- Born: Yona Sabagha 1938 (age 87–88) Zakho, Iraq
- Education: Hebrew University of Jerusalem (B.A. in Hebrew and Arabic, 1963), Yale University (Ph.D. in Near Eastern Languages and Literatures, 1970)
- Occupations: Scholar, linguist, researcher
- Years active: 1963–present
- Employer: University of California, Los Angeles
- Known for: Research on Jewish Neo-Aramaic and folklore of Kurdish Jews
- Notable work: The Folk Literature of the Kurdistani Jews, A Jewish Neo-Aramaic Dictionary
- Children: Ariel Sabar Ilan Sabar
- Awards: Subject of the National Book Critics Circle Award-winning memoir by his son, Ariel Sabar

= Yona Sabar =

Kurdistani Jewish scholar, linguist and researcher

Yona Sabar (יוֹנָה צַבָּר; born 1938 in Zakho, Iraq) is a Kurdistani Jewish scholar, linguist and researcher. He is professor emeritus of Hebrew at the University of California, Los Angeles. A native speaker of Northeastern Neo-Aramaic, Sabar has published more than 90 research articles about Jewish Neo-Aramaic and the folklore of the Jews of Kurdistan.

== Early life ==

A woman named Rakhma from Zakho (like Sabar) speaking Jewish Neo-Aramaic

Sabar was born in the town of Zakho in northern Iraq in 1938 as Yona Sabagha. He was the last known Jewish boy bar mitzvahed in Zakho. Due to the Arab-Israeli conflict of the 1950s, his family moved to Israel in 1951, when Sabar was 13 as a part of Operations Ezra and Nehemia.
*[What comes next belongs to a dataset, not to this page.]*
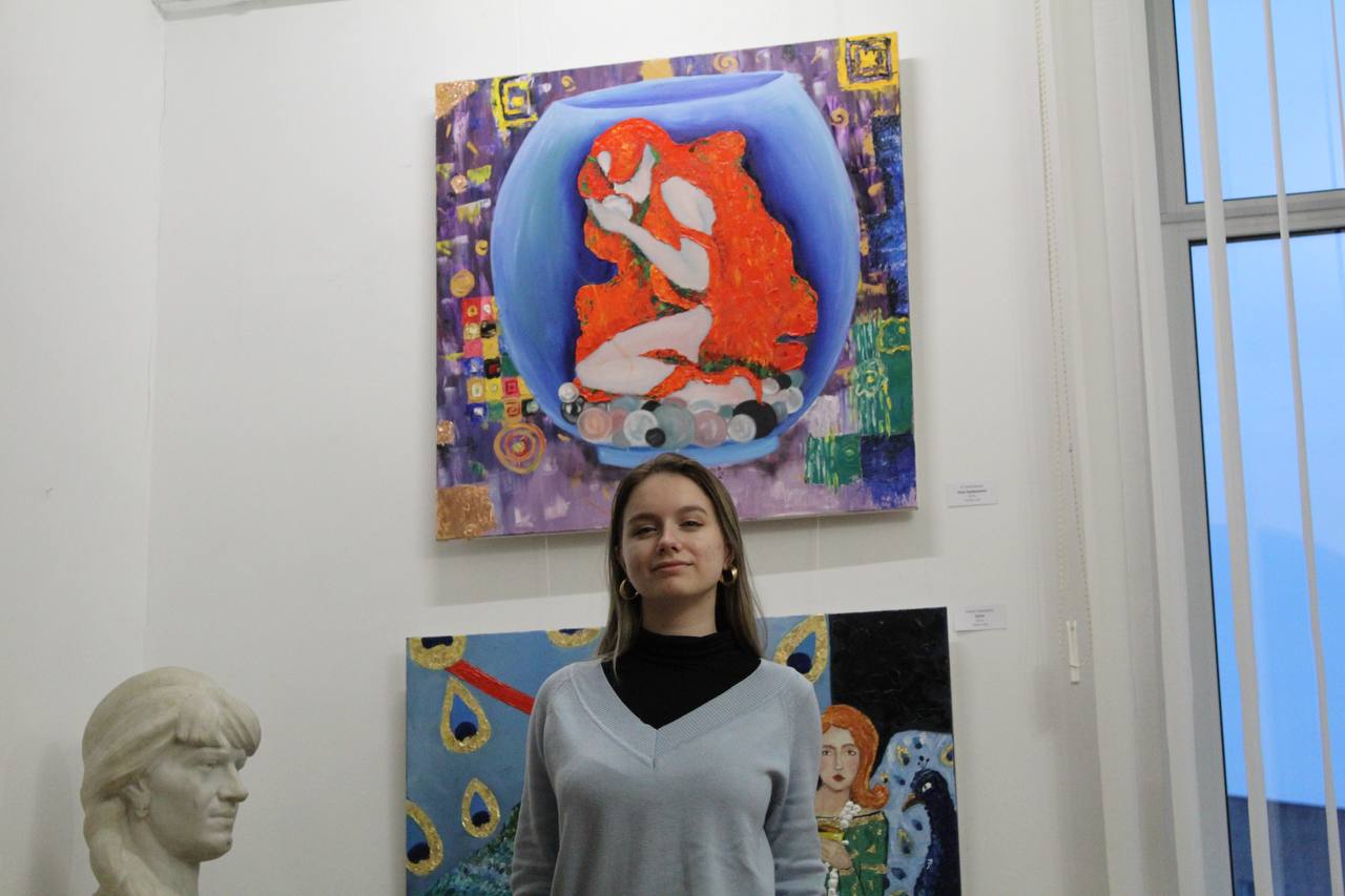 В експозиції беруть участь твори студенток третього та четвертого курсу: Жадан Вероніки, Баян Ксенії, Гаврюшенко Каміли, Голенговської Катерини, Гончаренко Анастасії, Демченко Яни, Кондрашевої Марії, Кузьменко Катерини, Міхно Анастасії, Остапко Анастасії, Сладковської Аліни та Юран Марії. Серед викладачів Коледжу передставлено творчі роботи Ярослава Білика та Людмили Соченко.

Sabar initially struggled to adapt to Israel as a lower-class immigrant who spoke Aramaic. He worked in the National trade union Histadrut. After living in Israel, the family changed their surname to "Sabar" from the word for sabra, meaning prickly pear.

== Career ==
Sabar received a B.A. in Hebrew and Arabic from the Hebrew University of Jerusalem in 1963 and a Ph.D. in Near Eastern Languages and Literatures from Yale University in 1970. In 1972, he was hired as a professor of Hebrew and Aramaic at UCLA.
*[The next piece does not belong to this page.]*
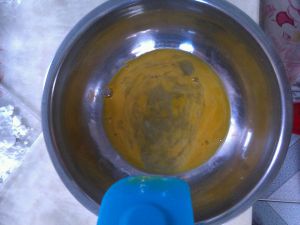 鸡蛋用刮刀捣均匀

Sabar has written multiple articles for the Jewish Journal on the etymology of Hebrew words, such as the roots of "Mount Sinai".

Sabar served as the Aramaic dialect coach for the 2013 6x05 episode of True Blood "Fuck the Pain Away."

== My Father's Paradise ==
His immigrant journey from the hills of Kurdistan to the highways of Los Angeles is the subject of an award-winning memoir entitled My Father's Paradise: A Son's Search for his Jewish Past in Kurdish Iraq by his son, Ariel Sabar, an American author and journalist. Ariel Sabar's book on his father's life won the 2008 National Book Critics Circle Award for autobiography.

==Works==
- The Folk Literature of the Kurdistani Jews: An Anthology, Yale University Press, 232 pp., 1982. ISBN 978-0-300-02698-6
- Sabar, Yona (2002). "A Jewish Neo-Aramaic Dictionary: Dialects of Amidya, Dihok, Nerwa and Zakho, Northwestern Iraq"
- Sabar, Yona (2003). "When Languages Collide: Perspectives on Language Conflict, Language Competition, and Language Coexistence"
- Sabar, Yona (2009). "Mene Mene, Tekel uPharsin (Daniel 5:25): Are the Days of Jewish and Christian Neo-Aramaic Dialects Numbered?"